Once the pictures have been excluded, set down each remaining entry word for word.

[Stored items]
--*--

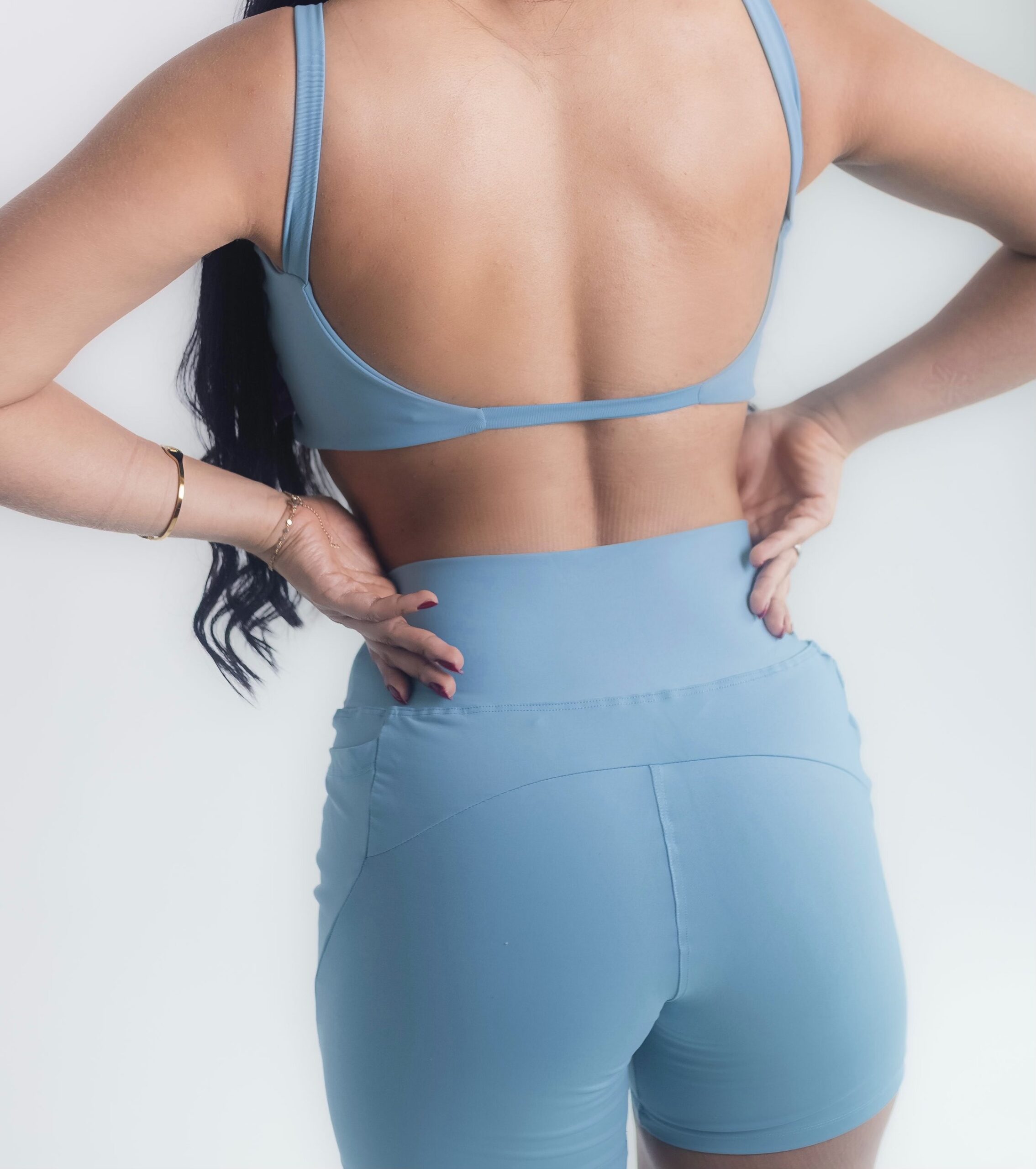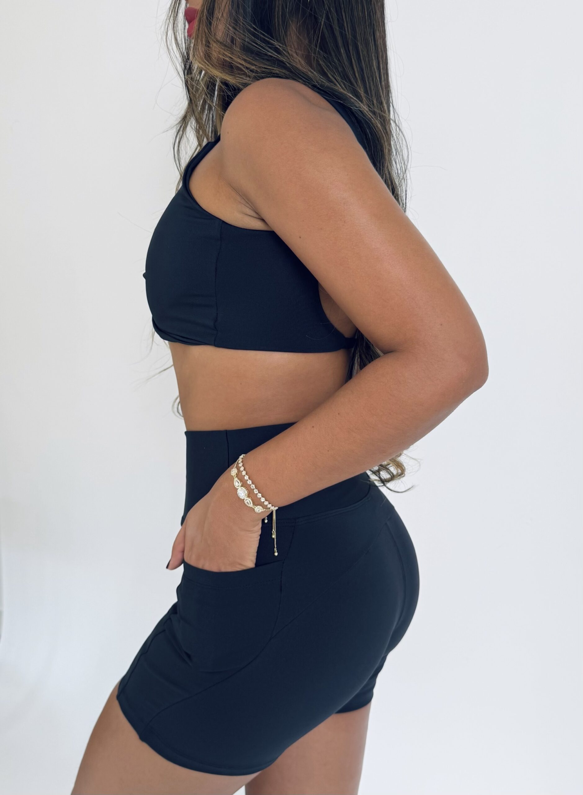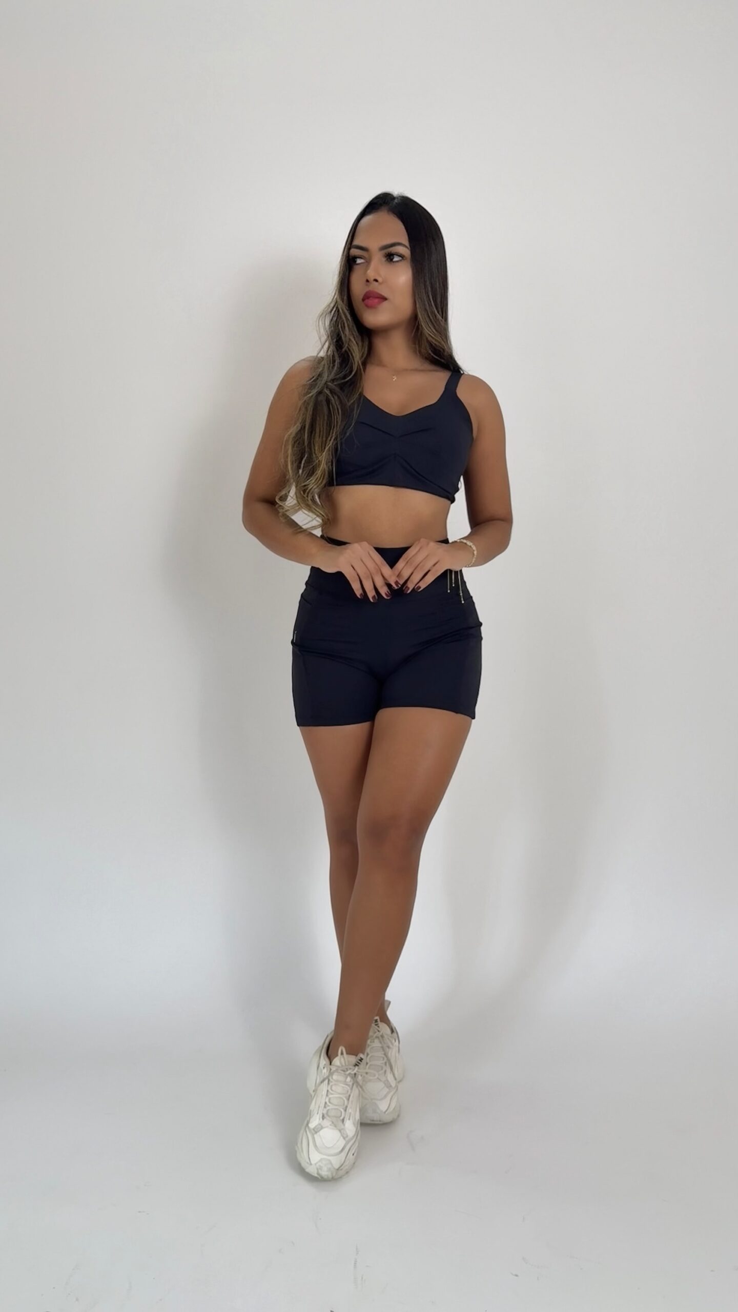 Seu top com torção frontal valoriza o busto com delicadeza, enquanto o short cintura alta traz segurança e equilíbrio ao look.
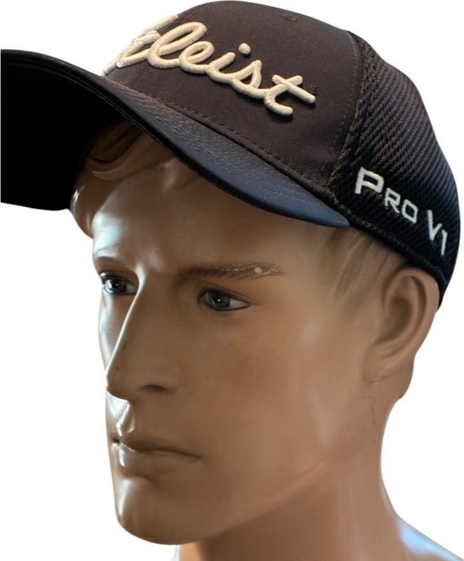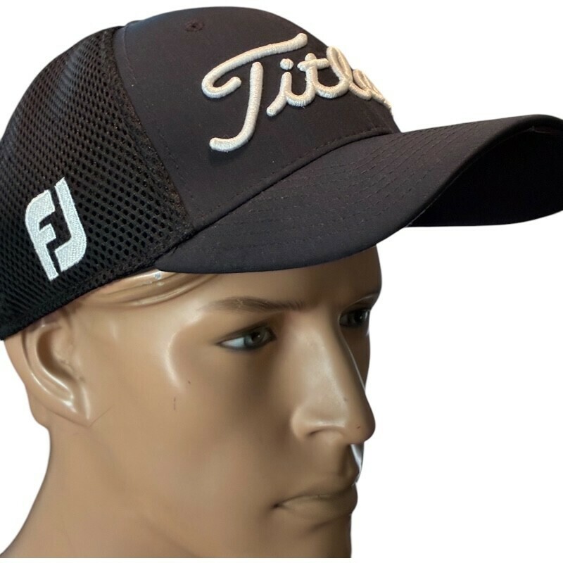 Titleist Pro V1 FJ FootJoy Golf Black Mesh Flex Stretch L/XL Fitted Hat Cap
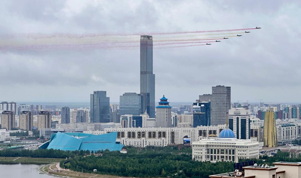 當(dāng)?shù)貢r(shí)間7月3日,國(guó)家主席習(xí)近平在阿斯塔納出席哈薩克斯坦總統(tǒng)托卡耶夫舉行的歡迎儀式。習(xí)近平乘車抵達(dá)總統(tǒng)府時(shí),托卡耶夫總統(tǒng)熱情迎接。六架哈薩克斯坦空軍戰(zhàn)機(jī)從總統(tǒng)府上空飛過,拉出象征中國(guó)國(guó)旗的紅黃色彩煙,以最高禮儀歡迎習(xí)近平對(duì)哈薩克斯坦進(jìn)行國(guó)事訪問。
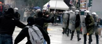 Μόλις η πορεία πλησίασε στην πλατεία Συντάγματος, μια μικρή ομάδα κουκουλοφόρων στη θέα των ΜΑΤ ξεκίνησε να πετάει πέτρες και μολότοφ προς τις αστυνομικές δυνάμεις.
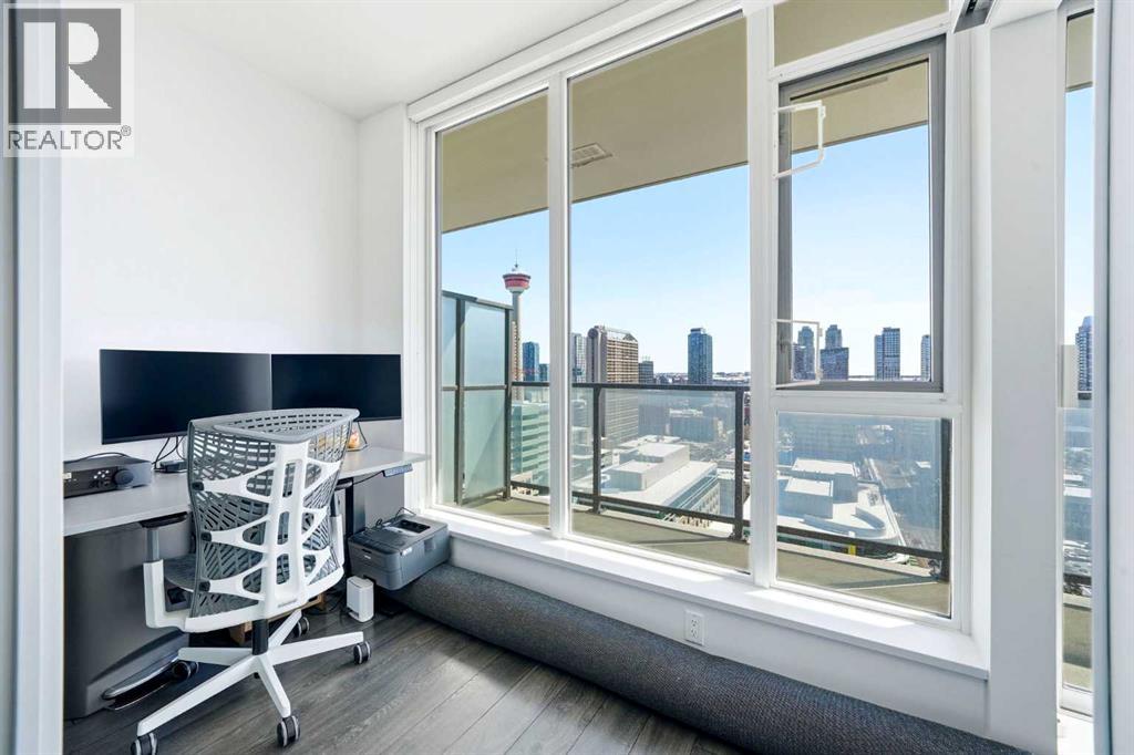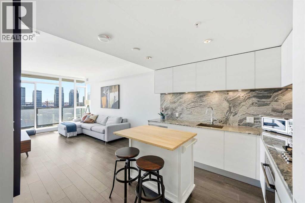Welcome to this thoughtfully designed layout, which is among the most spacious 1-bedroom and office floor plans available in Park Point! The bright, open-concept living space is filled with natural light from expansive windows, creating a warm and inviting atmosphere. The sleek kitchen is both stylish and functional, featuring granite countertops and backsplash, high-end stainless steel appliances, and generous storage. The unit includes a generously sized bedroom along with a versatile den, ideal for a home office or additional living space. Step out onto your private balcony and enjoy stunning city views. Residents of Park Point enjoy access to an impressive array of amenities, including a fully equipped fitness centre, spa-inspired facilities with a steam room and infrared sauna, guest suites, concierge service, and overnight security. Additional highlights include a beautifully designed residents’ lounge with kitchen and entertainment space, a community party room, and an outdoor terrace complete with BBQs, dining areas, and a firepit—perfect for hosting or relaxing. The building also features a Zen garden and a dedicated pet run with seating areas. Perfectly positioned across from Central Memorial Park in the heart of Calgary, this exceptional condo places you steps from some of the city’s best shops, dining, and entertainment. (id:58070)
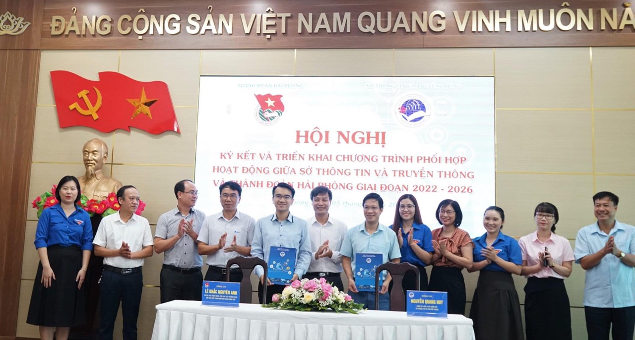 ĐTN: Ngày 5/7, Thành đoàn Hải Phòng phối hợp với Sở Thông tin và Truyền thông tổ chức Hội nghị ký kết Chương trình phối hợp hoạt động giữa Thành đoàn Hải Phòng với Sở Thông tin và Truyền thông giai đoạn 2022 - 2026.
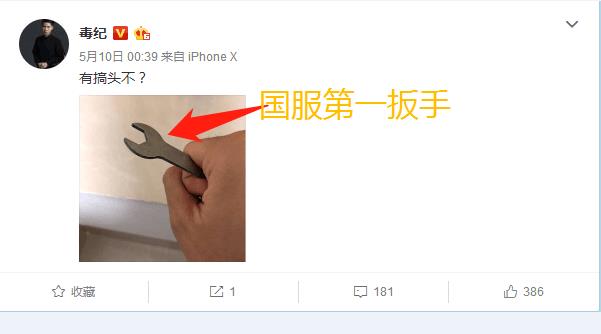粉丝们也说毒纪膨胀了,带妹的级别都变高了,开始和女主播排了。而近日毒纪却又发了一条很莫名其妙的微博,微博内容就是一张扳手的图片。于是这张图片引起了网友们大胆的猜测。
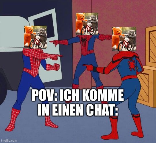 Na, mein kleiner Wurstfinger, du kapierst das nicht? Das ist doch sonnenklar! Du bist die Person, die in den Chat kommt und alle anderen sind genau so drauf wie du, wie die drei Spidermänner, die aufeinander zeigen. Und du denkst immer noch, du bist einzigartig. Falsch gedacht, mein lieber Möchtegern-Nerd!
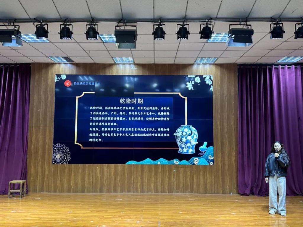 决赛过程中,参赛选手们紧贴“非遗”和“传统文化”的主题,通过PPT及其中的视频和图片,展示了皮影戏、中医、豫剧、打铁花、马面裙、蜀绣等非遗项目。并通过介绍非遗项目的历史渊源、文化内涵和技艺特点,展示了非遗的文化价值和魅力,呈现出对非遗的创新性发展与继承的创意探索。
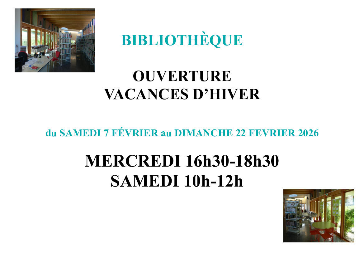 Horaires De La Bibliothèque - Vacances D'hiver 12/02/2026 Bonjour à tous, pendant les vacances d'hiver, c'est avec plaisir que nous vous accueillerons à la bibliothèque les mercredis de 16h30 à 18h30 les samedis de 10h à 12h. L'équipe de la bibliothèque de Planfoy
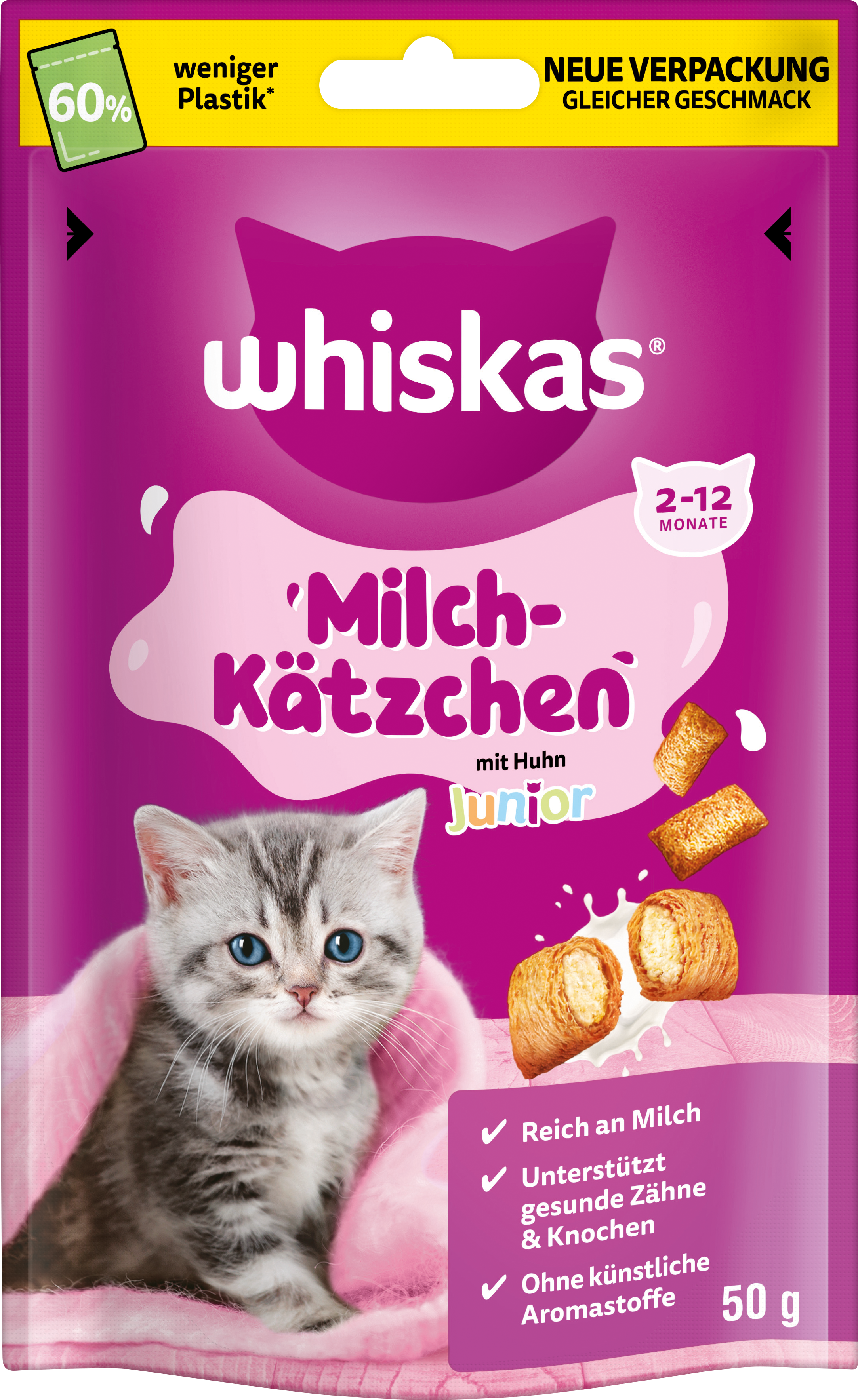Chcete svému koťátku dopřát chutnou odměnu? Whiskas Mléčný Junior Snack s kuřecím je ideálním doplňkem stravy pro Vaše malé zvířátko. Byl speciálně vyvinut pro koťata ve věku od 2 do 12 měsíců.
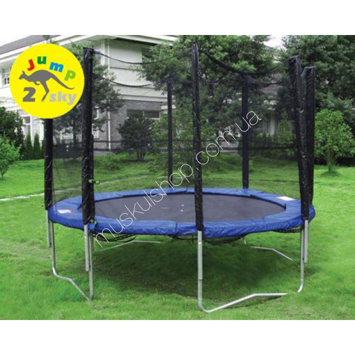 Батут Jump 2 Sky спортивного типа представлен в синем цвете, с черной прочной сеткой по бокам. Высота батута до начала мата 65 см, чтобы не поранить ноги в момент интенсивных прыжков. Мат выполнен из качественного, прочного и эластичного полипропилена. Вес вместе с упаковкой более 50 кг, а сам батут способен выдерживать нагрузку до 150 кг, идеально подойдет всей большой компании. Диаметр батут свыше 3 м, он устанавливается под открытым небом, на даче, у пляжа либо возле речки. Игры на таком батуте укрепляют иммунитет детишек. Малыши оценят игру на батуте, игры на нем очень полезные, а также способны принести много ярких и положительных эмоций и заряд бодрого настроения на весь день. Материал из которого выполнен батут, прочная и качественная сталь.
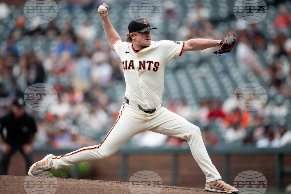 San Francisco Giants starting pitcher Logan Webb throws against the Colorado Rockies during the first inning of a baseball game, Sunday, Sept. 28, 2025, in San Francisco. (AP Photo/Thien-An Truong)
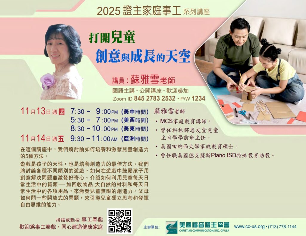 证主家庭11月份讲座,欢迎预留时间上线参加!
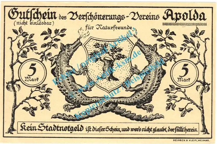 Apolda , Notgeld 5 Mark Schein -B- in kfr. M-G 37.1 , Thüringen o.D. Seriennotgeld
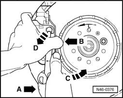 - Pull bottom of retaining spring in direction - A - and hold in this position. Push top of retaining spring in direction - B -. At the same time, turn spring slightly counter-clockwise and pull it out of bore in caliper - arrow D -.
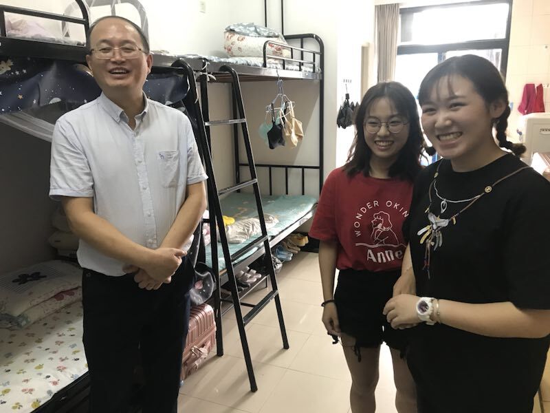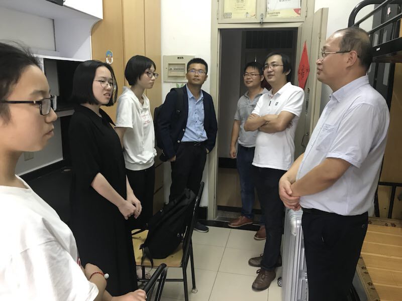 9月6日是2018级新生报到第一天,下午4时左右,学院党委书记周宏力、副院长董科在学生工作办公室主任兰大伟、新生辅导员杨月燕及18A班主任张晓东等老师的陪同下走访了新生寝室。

--*--

**ANSWER**
 Seu top com torção frontal valoriza o busto com delicadeza, enquanto o short cintura alta traz segurança e equilíbrio ao look.
 Titleist Pro V1 FJ FootJoy Golf Black Mesh Flex Stretch L/XL Fitted Hat Cap
 當(dāng)?shù)貢r(shí)間7月3日,國(guó)家主席習(xí)近平在阿斯塔納出席哈薩克斯坦總統(tǒng)托卡耶夫舉行的歡迎儀式。習(xí)近平乘車抵達(dá)總統(tǒng)府時(shí),托卡耶夫總統(tǒng)熱情迎接。六架哈薩克斯坦空軍戰(zhàn)機(jī)從總統(tǒng)府上空飛過,拉出象征中國(guó)國(guó)旗的紅黃色彩煙,以最高禮儀歡迎習(xí)近平對(duì)哈薩克斯坦進(jìn)行國(guó)事訪問。
 Μόλις η πορεία πλησίασε στην πλατεία Συντάγματος, μια μικρή ομάδα κουκουλοφόρων στη θέα των ΜΑΤ ξεκίνησε να πετάει πέτρες και μολότοφ προς τις αστυνομικές δυνάμεις.
Welcome to this thoughtfully designed layout, which is among the most spacious 1-bedroom and office floor plans available in Park Point! The bright, open-concept living space is filled with natural light from expansive windows, creating a warm and inviting atmosphere. The sleek kitchen is both stylish and functional, featuring granite countertops and backsplash, high-end stainless steel appliances, and generous storage. The unit includes a generously sized bedroom along with a versatile den, ideal for a home office or additional living space. Step out onto your private balcony and enjoy stunning city views. Residents of Park Point enjoy access to an impressive array of amenities, including a fully equipped fitness centre, spa-inspired facilities with a steam room and infrared sauna, guest suites, concierge service, and overnight security. Additional highlights include a beautifully designed residents’ lounge with kitchen and entertainment space, a community party room, and an outdoor terrace complete with BBQs, dining areas, and a firepit—perfect for hosting or relaxing. The building also features a Zen garden and a dedicated pet run with seating areas. Perfectly positioned across from Central Memorial Park in the heart of Calgary, this exceptional condo places you steps from some of the city’s best shops, dining, and entertainment. (id:58070)
 ĐTN: Ngày 5/7, Thành đoàn Hải Phòng phối hợp với Sở Thông tin và Truyền thông tổ chức Hội nghị ký kết Chương trình phối hợp hoạt động giữa Thành đoàn Hải Phòng với Sở Thông tin và Truyền thông giai đoạn 2022 - 2026.
粉丝们也说毒纪膨胀了,带妹的级别都变高了,开始和女主播排了。而近日毒纪却又发了一条很莫名其妙的微博,微博内容就是一张扳手的图片。于是这张图片引起了网友们大胆的猜测。
 Na, mein kleiner Wurstfinger, du kapierst das nicht? Das ist doch sonnenklar! Du bist die Person, die in den Chat kommt und alle anderen sind genau so drauf wie du, wie die drei Spidermänner, die aufeinander zeigen. Und du denkst immer noch, du bist einzigartig. Falsch gedacht, mein lieber Möchtegern-Nerd!
 决赛过程中,参赛选手们紧贴“非遗”和“传统文化”的主题,通过PPT及其中的视频和图片,展示了皮影戏、中医、豫剧、打铁花、马面裙、蜀绣等非遗项目。并通过介绍非遗项目的历史渊源、文化内涵和技艺特点,展示了非遗的文化价值和魅力,呈现出对非遗的创新性发展与继承的创意探索。
 Horaires De La Bibliothèque - Vacances D'hiver 12/02/2026 Bonjour à tous, pendant les vacances d'hiver, c'est avec plaisir que nous vous accueillerons à la bibliothèque les mercredis de 16h30 à 18h30 les samedis de 10h à 12h. L'équipe de la bibliothèque de Planfoy
Chcete svému koťátku dopřát chutnou odměnu? Whiskas Mléčný Junior Snack s kuřecím je ideálním doplňkem stravy pro Vaše malé zvířátko. Byl speciálně vyvinut pro koťata ve věku od 2 do 12 měsíců.
 Батут Jump 2 Sky спортивного типа представлен в синем цвете, с черной прочной сеткой по бокам. Высота батута до начала мата 65 см, чтобы не поранить ноги в момент интенсивных прыжков. Мат выполнен из качественного, прочного и эластичного полипропилена. Вес вместе с упаковкой более 50 кг, а сам батут способен выдерживать нагрузку до 150 кг, идеально подойдет всей большой компании. Диаметр батут свыше 3 м, он устанавливается под открытым небом, на даче, у пляжа либо возле речки. Игры на таком батуте укрепляют иммунитет детишек. Малыши оценят игру на батуте, игры на нем очень полезные, а также способны принести много ярких и положительных эмоций и заряд бодрого настроения на весь день. Материал из которого выполнен батут, прочная и качественная сталь.
 San Francisco Giants starting pitcher Logan Webb throws against the Colorado Rockies during the first inning of a baseball game, Sunday, Sept. 28, 2025, in San Francisco. (AP Photo/Thien-An Truong)
 证主家庭11月份讲座,欢迎预留时间上线参加!
 Apolda , Notgeld 5 Mark Schein -B- in kfr. M-G 37.1 , Thüringen o.D. Seriennotgeld
 - Pull bottom of retaining spring in direction - A - and hold in this position. Push top of retaining spring in direction - B -. At the same time, turn spring slightly counter-clockwise and pull it out of bore in caliper - arrow D -.
 9月6日是2018级新生报到第一天,下午4时左右,学院党委书记周宏力、副院长董科在学生工作办公室主任兰大伟、新生辅导员杨月燕及18A班主任张晓东等老师的陪同下走访了新生寝室。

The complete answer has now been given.